For the world’s film buffs, perhaps no film was more anticipated this year than Terrence Malick’s The Tree of Life. If nothing else, Malick is a man who refuses to settle for mediocrity. He goes for no less than absolute greatness with every film, sometimes at the expense of things like “plot” and “coherence.” Yet that’s why we love the man, and The Tree of Life is an example of Malick at his most Malick-y. Over the course of two hours, this film meditates on the meaning of life, man’s place in the universe, the afterlife, and just about everything else ever. The Tree of Life is the film Malick has been looking to make all along, with every existential idea he’s ever had thrown into a single gargantuan package. It’s not easy to swallow, but it’s a rewarding and entrancing experience. It’s very much a film that you have to let happen, as approaching it in a confrontational manner will completely ruin the experience. And don’t look at your phone or do anything else. To fully appreciate the impact of The Tree of Life, it demands every last second of your attention.
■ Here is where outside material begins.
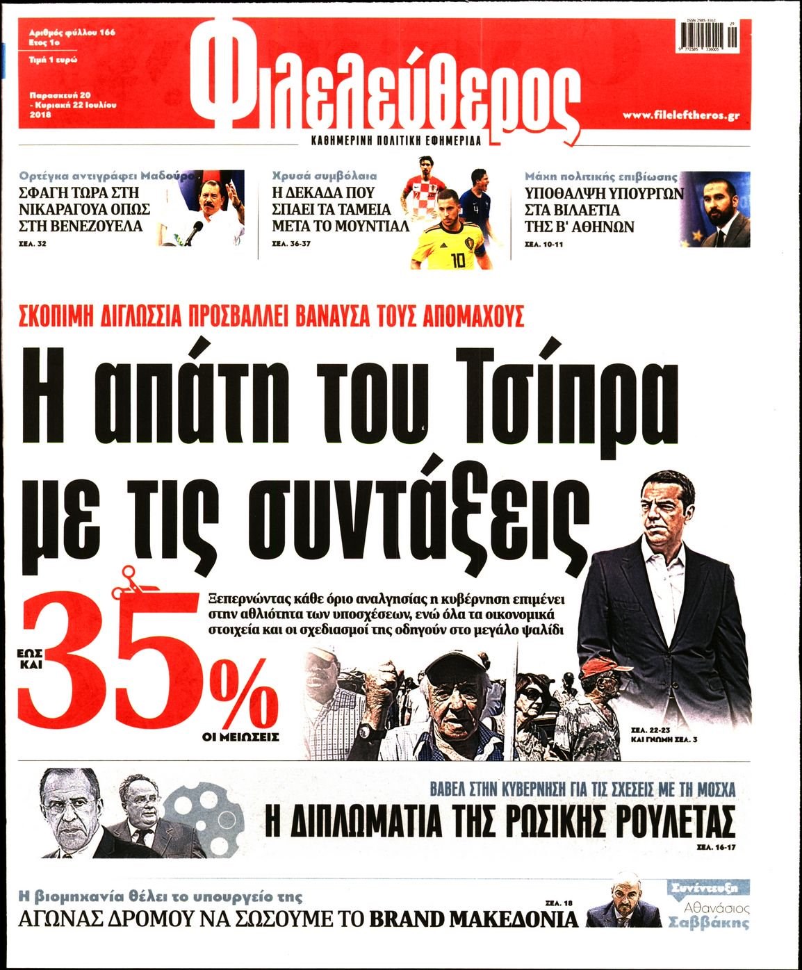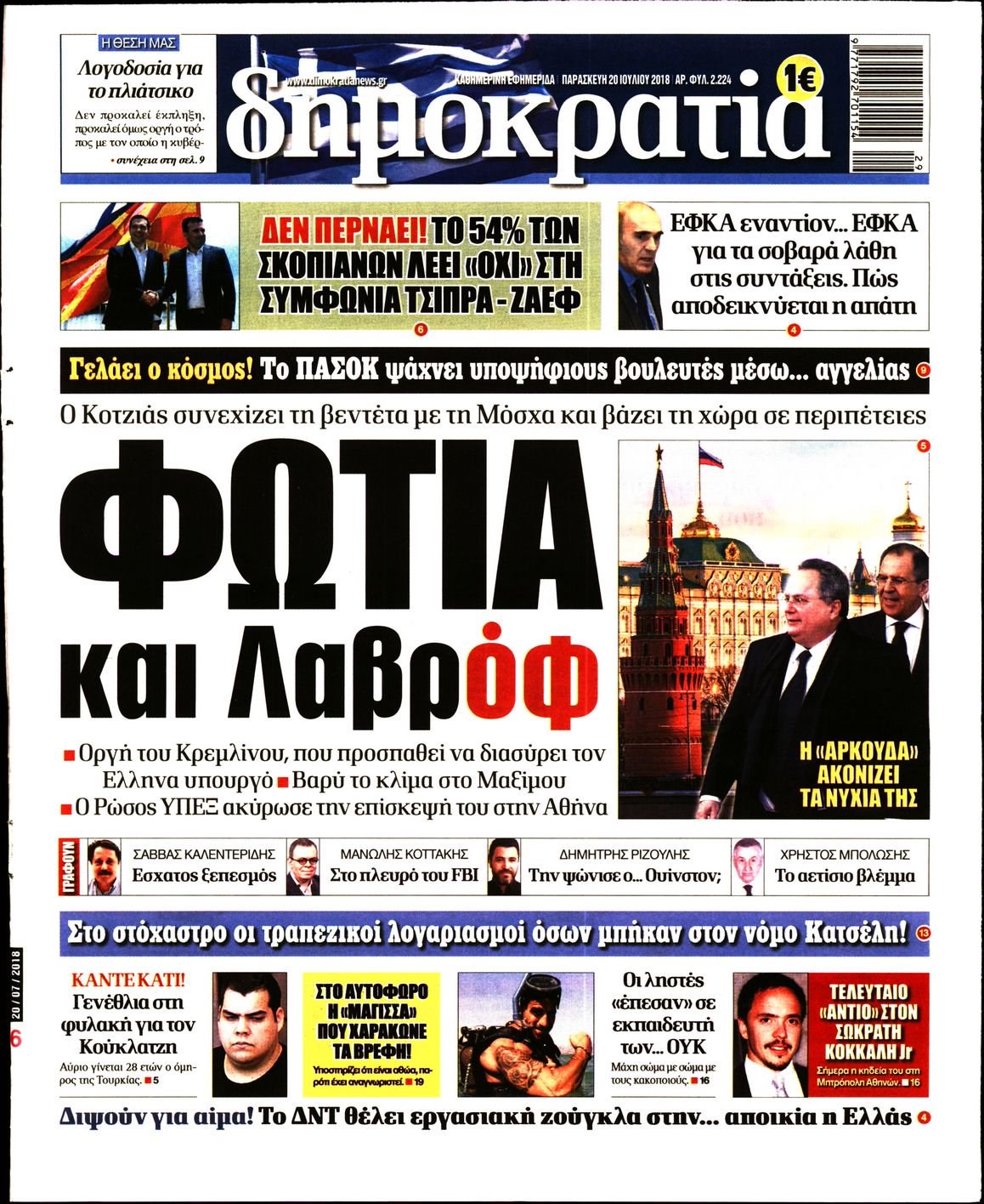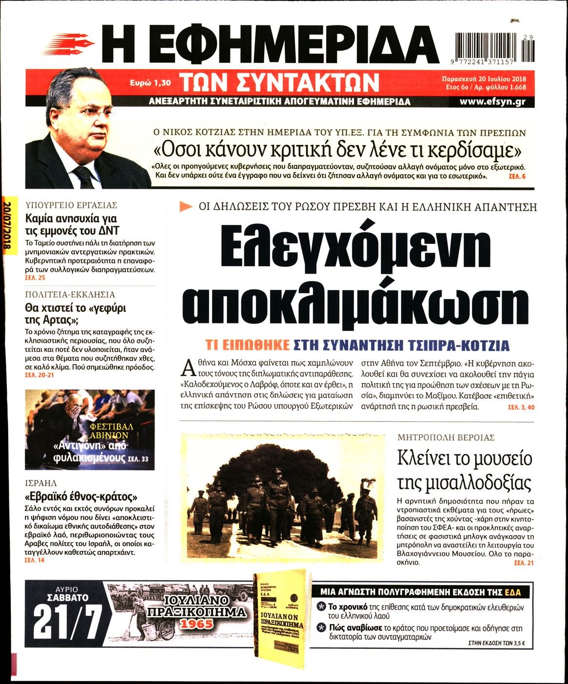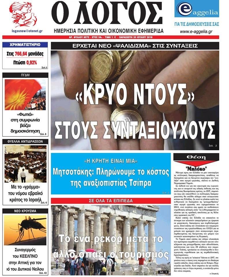 Οι πολιτικές εφημερίδες 20/7/2018 Enikos Newsroom 06:38, Παρασκευή 20 Ιουλίου 2018 Media Διαβάστε τα σημερινά πρωτοσέλιδα των πολιτικών εφημερίδων. ΠΟΛΙΤΙΚΕΣ ΕΦΗΜΕΡΙΔΕΣ ΠΡΩΤΟΣΕΛΙΔΑ Μοιράσου το: σχολίασε κι εσύ (0 σχόλια) Ακολουθήστε το enikos.gr στο Google News και μάθετε πρώτοι όλες τις ειδήσεις Δείτε όλες τις τελευταίες ειδήσεις από την Ελλάδα και τον Κόσμο στο enikos.gr Ειδήσεις Ροή Ειδήσεων 4 ώρες πριν Χριστούγεννα στα μπλόκα οι αγρότες: Άνοιξαν στα διόδια και μοίρασαν προϊόντα στους πολίτες – Νέα σύσκεψη την Κυριακή στη Νίκαια 4 ώρες πριν Κύκλωμα διακίνησης ναρκωτικών σε σχολεία: Τηλεφωνούσαν στους ανηλίκους την ώρα του μαθήματος – Οι διάλογοι-σοκ, τα «ψευδώνυμα» και τα βασανιστήρια 4 ώρες πριν Αρχεία Επστάιν: Οι 500 σελίδες που λείπουν, τα αναπάντητα ερωτήματα και οι επώνυμοι – Τι έπεται 5 ώρες πριν Ζελένσκι: Μόνο οι ΗΠΑ και ο Τραμπ μπορούν να πιέσουν τη Ρωσία να βάλει τέλος στον πόλεμο 6 ώρες πριν Φοινικούντα: Προφυλακιστέος ο 30χρονος για συνέργεια στη διπλή δολοφονία – Και άλλα πρόσωπα στο «μικροσκόπιο» 3 ώρες πριν Αποκαλύφθηκε το άγνωστο «GPS» της αρχαιότητας – Πώς οι ναοί «φώτιζαν» τον δρόμο των ναυτικών πριν από την εφεύρεση των φάρων 4 ώρες πριν Ύπνος: Η διατροφή που μπορεί να σας βοηθήσει να κοιμάστε καλύτερα και να ζήσετε περισσότερο 6 ώρες πριν Αριθμολογία: Ο αριθμός του φύλακα αγγέλου σας, με βάση τον μήνα γέννησής σας – «Έτσι σας στέλνει σημάδια το σύμπαν» 18 ώρες πριν Enerwave: Το νέο «ρεύμα» στη λιανική ενέργειας που αλλάζει την εμπειρία του καταναλωτή 14 λεπτά πριν Δυτική Όχθη: Δύο Παλαιστίνιοι νεκροί από σφαίρες του Ισραηλινού στρατού 30 λεπτά πριν Ένοχος ο 54χρονος «ερευνητής» που έταζε ότι θα εντοπίσει τον αγνοούμενο γιατρό από την Κρήτη – «Μας γέμισε φρούδες ελπίδες», λέει ο πατέρας του 33χρονου 45 λεπτά πριν Σεισμός 3,8 Ρίχτερ ανοιχτά της Αμοργού 60 λεπτά πριν Άννα Βίσση: Τα… Social Media «προσκύνησαν» την «απόλυτη» για την συναυλία της στο Καλλιμάρμαρο που προβλήθηκε από το Mega 1 ώρα πριν Φωτεινή Αθερίδου: «Προσπαθώ να είμαι κάθετη και αυστηρή σαν μαμά πια» ENIKOS NETWORK Οι γυναίκες αποκαλύπτουν το πιο ελκυστικό πράγμα που μπορεί να κάνει ένας άνδρας Ομορφιά και αντιγήρανση: Ειδικοί μιλούν για συσκευές περιποίησης του δέρματος «Πολεμική» προετοιμασία από την ευρωπαϊκή βιομηχανία ενέργειας – Η Eurelectric ζητεί «ομπρέλα» προστασίας για τις υποδομές Ακύρωση ΑΦΜ για απάτες – Ποιους βάζει στο στόχαστρο η ΑΑΔΕ Χαρτογραφώντας το «σημείο χωρίς επιστροφή»: Για πρώτη φορά αποκαλύπτεται με λεπτομέρεια το ακανθώδες όριο της ατμόσφαιρας τ... Η Google καταργεί τη λειτουργία «dark web report» – Πώς θα μπορούν οι χρήστες να διαγράφουν τα δεδομένα τους περισσότερα 01:30 , Κυριακή 21 Δεκεμβρίου 2025 Άννα Βίσση: Τα… Social Media «προσκύνησαν» την «απόλυτη» για την συναυλία της στο Καλλιμάρμαρο που προβλήθηκε από το Mega Την ημέρα των γενεθλίων της Άννας Βίσση, το MEGA τίμησε τη διαχρονική παρουσία της «απόλυτης Ε... 00:00 , Κυριακή 21 Δεκεμβρίου 2025 The Voice: Η επιστροφή της Έλενας Παπαρίζου και η ατάκα του Γιώργου Μαζωνάκη μετά τις καταγγελίες Στη φάση των Cross Battles Live μπήκε το The Voice, με την Έλενα Παπαρίζου να επιστρέφει στο π... 20:30 , Σάββατο 20 Δεκεμβρίου 2025 Αυτή την Κυριακή με τη Realnews: Instyle, μαζί Drive και Realnews Geopolitics Αυτή την Κυριακή με τη Realnews: Instyle, μαζί Drive και Realnews Geopolitics Instyle Η Άννα Ρ... 20:28 , Σάββατο 20 Δεκεμβρίου 2025 Ο ΑΝΤ1 γεμίζει τις γιορτές με μουσική – Ποιους καλλιτέχνες θα απολαύσουμε Φέτος στον ΑΝΤ1 γιορτάζουμε τις νύχτες

If I have one complaint about the release of The Tree of Life, it’s that they only seem to be releasing a single Blu-ray/DVD/Digital Copy combo pack, not allowing for those of us who simply want the DVD to go for a cheaper option. (I haven’t upgraded to Blu-ray yet, sorry.) As it is, people will just be paying extra money for a disc they can’t use. What about those of us that still live in the stone age, Fox Searchlight? Sigh. Still, The Tree of Life is one of the best films of the year, and you won’t see another film that has anything close to this ambition for a long, long time.
But you just want mediocrity, you say? Well then some other choices this week include the underachieving comedy Horrible Bosses, the pretty terrible attempt at a superhero franchise Green Lantern, and the Kevin James-fall-down-go-boom comedy Zookeeper. No, I have not seen Zookeeper. And it will take a pretty penny for me to sit through such an ordeal.
But seriously, folks. The Tree of freakin’ Life. If this isn’t your first choice this week, you’re doing it wrong.